WBA世界スーパーミドル級王座統一戦が19日(日本時間20日)、アメリカ・テキサス州のアラモドームで行われる。WBAミドル級スーパー王者のサウル・アルバレス(メキシコ)と同スーパーミドル級スーパー王者のカラム・スミス(イングランド)によるビッグマッチだ。2019年11月に4階級制覇を達成したカネロことアルバレスは、ボクシング界最強と評価されることも多々あり、アルバレス優位という声も聞かれる。果たしてスミスに勝機はあるのか。海外メディアではボクシング界の専門家たちによるスミス勝利へのカギが提言されている。
■命運を左右する約20センチのリーチ差
イギリスのボクシング専門誌「Boxing News」(電子版)では、「カラム・スミスがサウル・アルバレスを倒すためにできることは?」と題した記事のなかで、ボクサーや識者たちによる提言を掲載している。ロッキー・フィールディング(イングランド)やライアン・ローズ(イングランド)といった、アルバレスとの対戦経験がある選手もコメントを寄せており、スミスにとってはまさにこれ以上はないアドバイスといえるものだ。
各提言で共通しているのは、191センチというスミスの長身や、198センチのリーチを生かすべきという点だ。フィールディングは「動きを止めず、アウトボクシングに徹するべき。距離を保つように心がけろ」と、体格差を活用しての攻めを提言している。ローズも同意見となっており、「序盤は身長差やリーチを駆使して、距離をとっておく。カネロのミスショットを引き出して、カウンターを打ち込む。スミスとしては判定まで長引かせたくないだろうから、終盤でのTKOを狙ってくるだろう」という予想を披露している。
メキシカンボクサーならではの、インサイドでの強みと強烈な一打を兼ね備えているカネロの持ち味をいかに封じるか。スミスの勝機はこの1点にかかっていると言っても過言ではなさそうだ。北京五輪のボクシング銅メダリスト、トニー・ジェフリーズ(イングランド)も同記事にて「接近戦になれば(カネロの)強打が襲ってくる。カネロのスタイルを打ち破れる存在がいるとしたら、それこそカラム・スミスだろう」と語り、スミスに大きな期待を寄せている。

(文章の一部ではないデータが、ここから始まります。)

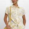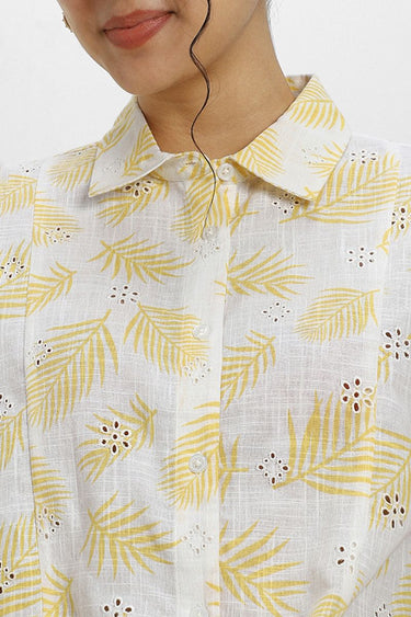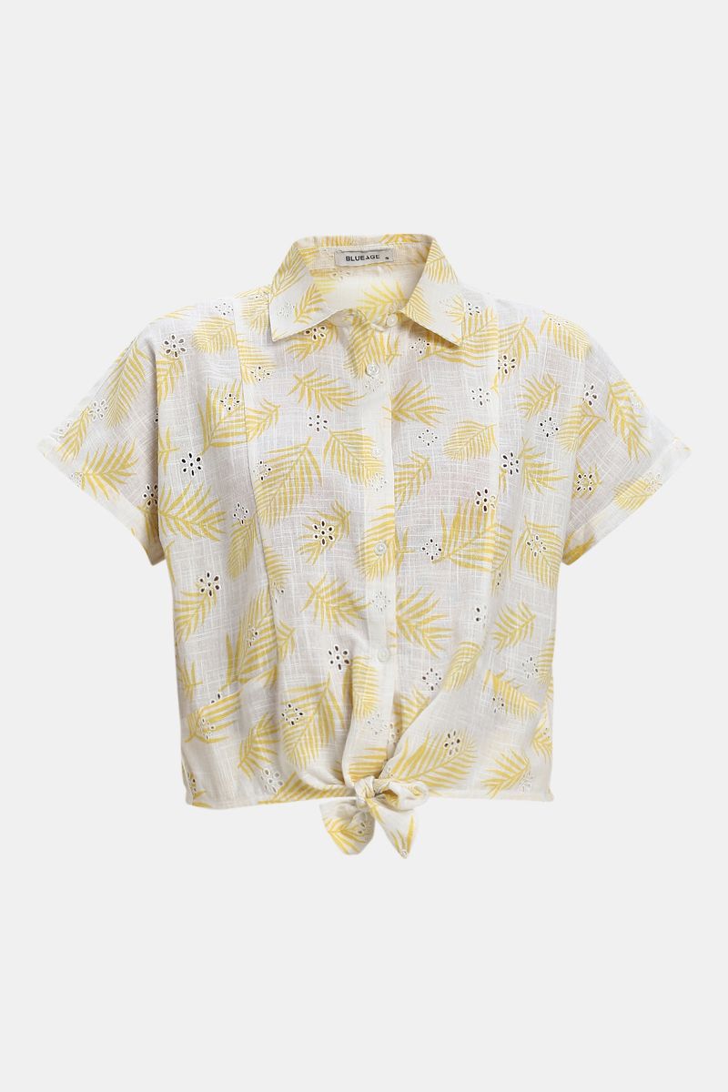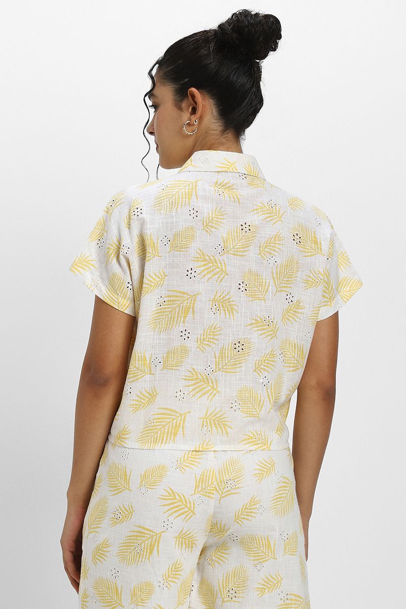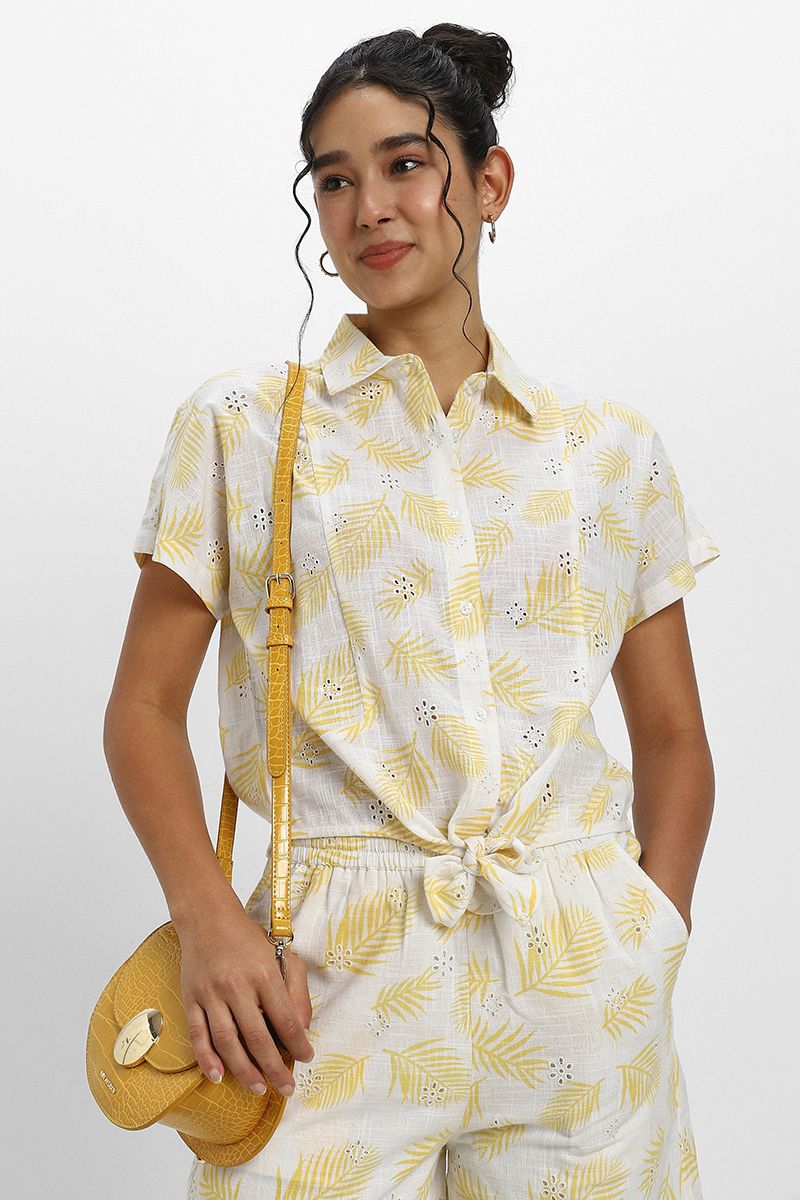 Short Sleeves Cropped Women'S Summer Shirt - Printed Pattern, Perforated Detail
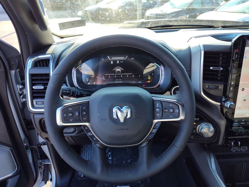 Advanced Safety Group II: Exterior Mirrors Approach Lamps; Active Driving Assist System; Surround View Camera System; Evasive Steer Assist; Drowsy Driver Detection; Intersection Collision Assist System; Traffic Sign Recognition; 12-Way/1-way Trailer Connector. Quick Order Package 27H Laramie. Laramie Level 2 Equipment Group: SiriusXM Radio Service; USB Host Flip; Rain Sensitive Windshield Wipers; 14.4" Touchscreen Display; Integrated Center Stack Radio; Front Passenger Interactive Display; Integrated Voice Command with Bluetooth®; Connectivity - US/Canada; Uconnect 5 Nav with 14.4" Display; GPS Navigation; 4G LTE Wi-Fi Hot Spot; Harman/kardon 19 Speaker Premium Sound; SiriusXM with 360L; Connected Travel and Traffic Services; Cluster 12" TFT Color Display; Power Tailgate. Sport Appearance Package: Accent Color Premium Power Mirrors; Exterior Mirrors with Supplemental Signals; Sport Performance Hood; Exterior Mirrors Courtesy Lamps; RAM Grille Badge - Chrome; Auto Power-Folding Mirrors; Exterior Mirrors with Heating Element; Auto Dim Exterior Driver Mirror; Exterior Mirrors with Memory; Black Interior Accents; Body Color Front Bumper; Convex Wide-Angle Exterior Mirror Insert; Body Color Rear Bumper with Step Pads; Bridgestone Brand Tires; Grille Surround 3 Body Color Tex 2 Black; Black Painted Exterior Mirrors Caps. Technology Group: Head Up Display; LED CHMSL Lamp; Digital Rearview Mirror; 12-Way/1-way Trailer Connector. 22" X 9" Forged Aluminum Wheels. Anti-Spin Differential Rear Axle. Trailer Brake Control. Silver Zynith. MOPAR Front and Rear Rubber Floor Mats. 3.92 Rear Axle Ratio. **Equipment listed is based on original vehicle build and subject to change. Please confirm the accuracy of the included equipment by calling the dealer prior to purchase.**

アルバレスは、アメリカの専門誌「The Ring」による全階級を通じてのランキング「パウンド・フォー・パウンド(PFP)」でも井上尚弥を抑えて現在1位に君臨。言うならば当代最強のボクサーだが、スミスもここまで27戦無敗、19KOの実力者でありタフな一戦になるのは間違いない。両者ともに1990年生まれ、同年代によるリーチ差約20センチの戦いの行方に注目したい。